Play with the model:

python main.py play #This will test the trained model.

Contributing

Contributions to the project are welcome! If you have any ideas for improvements or would like to report issues, please open a GitHub issue or submit a pull request.

Authors

Teodor Vidaković - GitHub
Danilo Cvijetić - GitHub

Video Demonstration

Documentation

Introduction

Project Description

Game Development: Developed the Air Hockey game using Pygame to simulate the game environment. This simulation provides a realistic representation of dynamics, including physical interactions between the puck, paddles, and walls.
AI Development: Worked on developing and training AI agents for game simulation using deep learning techniques. Using neural networks, the agents are trained to recognize patterns and optimize their behavior during the game.
MADDPG: The Multi-Agent Deep Deterministic Policy Gradient (MADDPG) method is used to coordinate multiple agents in the game environment. This algorithm allows agents to act in a shared space and communicate and coordinate their actions for better results.

Project Goals

Strategy Development: Develop effective strategies for controlling two agents in the simulation. The goal is for the agents to be able to make quick and precise decisions during the game, optimizing their movements and strategies for scoring goals and defending their goal.
Rewards and Penalties: Implement rewards and penalties to optimize agent behavior. Different scenarios in the game, such as scoring a goal, holding the puck, and colliding with the puck, are associated with specific rewards and penalties that help agents learn more effective tactics and behaviors.

Motivation

AI in Dynamic Environments: Developing intelligent agents for games provides insights into the application of artificial intelligence in dynamic and unpredictable environments. This research can contribute to advancements in various fields, including robotics, autonomous vehicles, and other systems requiring quick decision-making.
Games as Testing Grounds: Games like Air Hockey offer an ideal environment for testing and developing algorithms for multi-agent systems, as they involve complex interactions and strategies that can be applied to a broader range of real-world applications.

Challenges

Balancing Rewards and Penalties: One of the main challenges is balancing rewards and penalties to achieve optimal agent behavior. Excessive penalties can demotivate the agent, while too many rewards can lead to suboptimal strategies.
Adaptability: Ensuring that agents can quickly adapt their strategies in the changing game environment requires sophisticated learning and adaptation algorithms.
Training Resources: Training AI agents requires significant computational resources, including powerful GPUs and ample time for simulations and learning. Resource constraints can slow down the training process and make it challenging to achieve optimal results.

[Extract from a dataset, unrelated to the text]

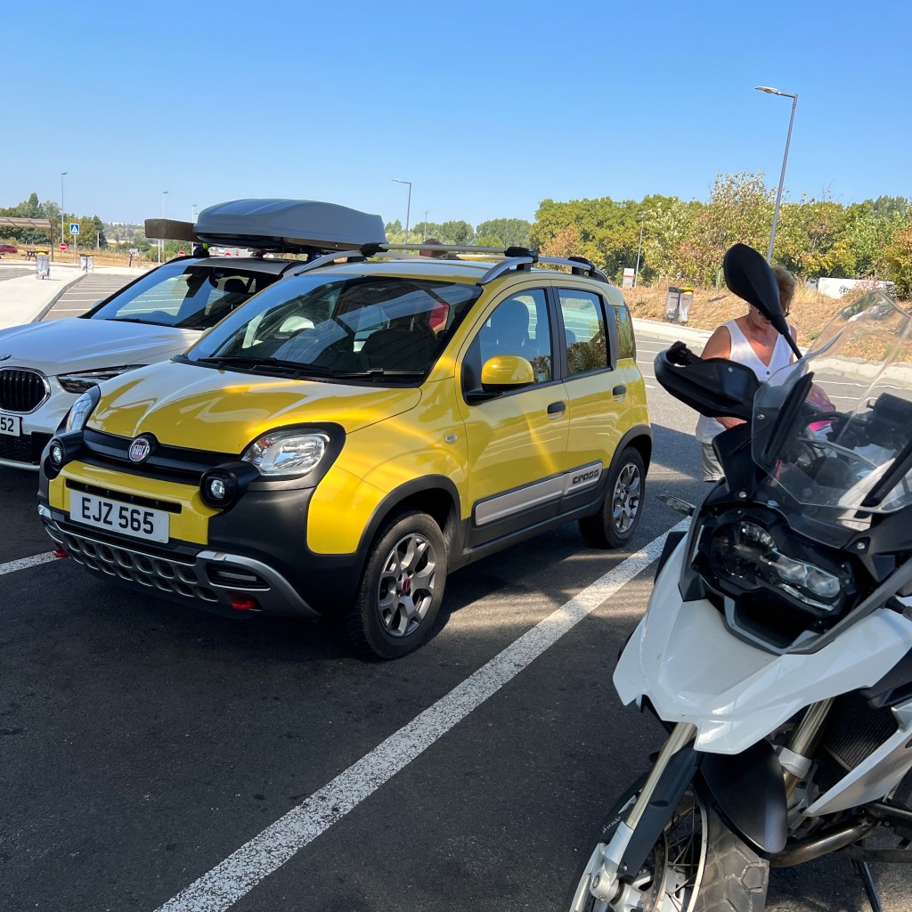 After a brief refuelling stop (both mechanical and human) a little outside Lyon, the final leg of our journey was uneventful… if bendy. Heading into the Alps was an adventure of its own (see below), with many switch backs and view points – needless to say Tom had a great time on the bike, and Dougal the Panda Cross was in his element.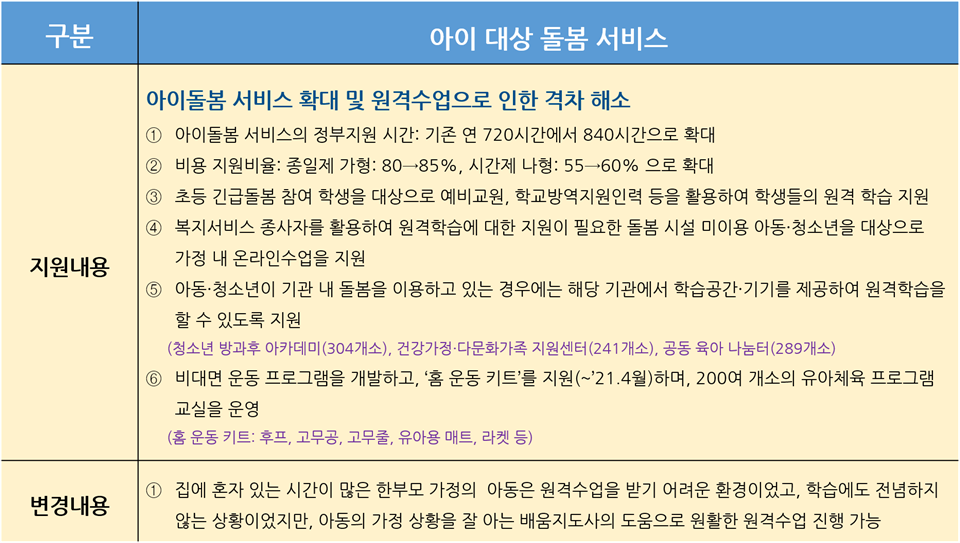첫째, 아이돌봄 서비스를 확대하고, 원격수업으로 인한 격차를 해소한다. 아이돌봄 서비스의 정부지원 시간을 기존 연 720시간에서 840시간으로 확대하고, 비용 지원비율도 확대 (종일제 가형: 80→85%, 시간제 나형: 55→60%)한다.

Learning Algorithm and Logic

DDPG (Deep Deterministic Policy Gradient)

Algorithm for Continuous Actions:
- DDPG is an off-policy reinforcement learning algorithm used for problems with continuous actions.
- Combines ideas from DQN (Deep Q-Network) and DPG (Deterministic Policy Gradient) algorithms for efficient learning in large action spaces.
Actor and Critic Networks:
- Actor: Neural network mapping states to actions. The actor generates actions for the agent to execute.
- Critic: Neural network evaluating the Q-function, i.e., the expected sum of future rewards for a given state-action pair. The critic assesses the quality of a given action in a given state.
- The algorithm uses two sets of actor and critic networks: main networks (updated during training) and target networks (updated more slowly to stabilize learning).
- Actor loss is computed as the negative assessment of the critic's Q-value, while critic loss is computed using the TD (Temporal Difference) error.

MADDPG (Multi-Agent DDPG)

Extension for Multi-Agent Environments:
- MADDPG extends the DDPG algorithm to multi-agent environments.
- Each agent has its actor network, while critic networks can be shared or specific to each agent.
Action Coordination and Information Sharing:
- Agents share information about their states and actions to improve the learning process. This allows each agent to consider the actions of other agents when making its own decisions.
- The critic uses information about the actions of all agents to evaluate the Q-value, enabling coordination among agents.
- Information sharing reduces uncertainty and improves collective system performance.
Network Updates and Learning Stability:
- As in DDPG, target networks are used to stabilize learning. These networks are updated using a soft update technique, where target network parameters slowly approach those of the main network.
- Experience replay is used, where agents store their past experiences and use them to train the networks. This allows for more efficient and stable learning by reducing the correlation between successive experiences.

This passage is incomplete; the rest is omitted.